Gas karbon dioksida juga dapat dihilangkan secara langsung. Caranya dengan menyuntikkan (menginjeksikan) gas tersebut ke sumur-sumur minyak untuk mendorong agar minyak bumi keluar ke permukaan (Enhanced Oil Recovery). Injeksi juga bisa dilakukan untuk mengisolasi gas ini di bawah tanah seperti dalam sumur minyak, lapisan batubara atau aquifer. Hal ini telah dilakukan di salah satu anjungan pengeboran lepas pantai Norwegia, di mana karbon dioksida yang terbawa ke permukaan bersama gas alam ditangkap dan diinjeksikan kembali ke aquifer sehingga tidak dapat kembali ke permukaan.

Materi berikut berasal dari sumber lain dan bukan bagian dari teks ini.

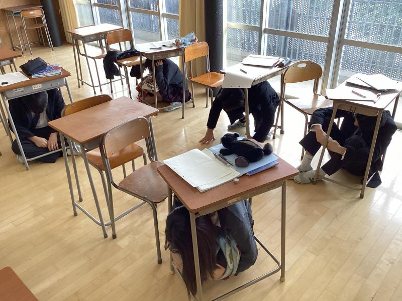わずか1分程度の短い訓練でしたが、生徒一人ひとりが「もしもの時」に備え、時間や場所を選ばずに即座に身の安全を確保する行動をとる習慣を身につけるための、極めて重要な意識付けの機会となりました。

Salah satu sumber penyumbang karbon dioksida adalah pembakaran bahan bakar fosil. Penggunaan bahan bakar fosil mulai meningkat pesat sejak revolusi industri pada abad ke-18. Pada saat itu, batubara menjadi sumber energi dominan untuk kemudian digantikan oleh minyak bumi pada pertengahan abad ke-19. Pada abad ke-20, energi gas mulai biasa digunakan di dunia sebagai sumber energi. Perubahan tren penggunaan bahan bakar fosil ini sebenarnya secara tidak langsung telah mengurangi jumlah karbon dioksida yang dilepas ke udara, karena gas melepaskan karbon dioksida lebih sedikit bila dibandingkan dengan minyak apalagi bila dibandingkan dengan batubara. Walaupun demikian, penggunaan energi terbaharui dan energi nuklir lebih mengurangi pelepasan karbon dioksida ke udara. Energi nuklir, walaupun kontroversial karena alasan keselamatan dan limbahnya yang berbahaya, bahkan tidak melepas karbon dioksida sama sekali.
Jadi, hal yang harus kita lakukan untuk mengurangi dampak global warming adalah kembali menghijaukan bumi kita.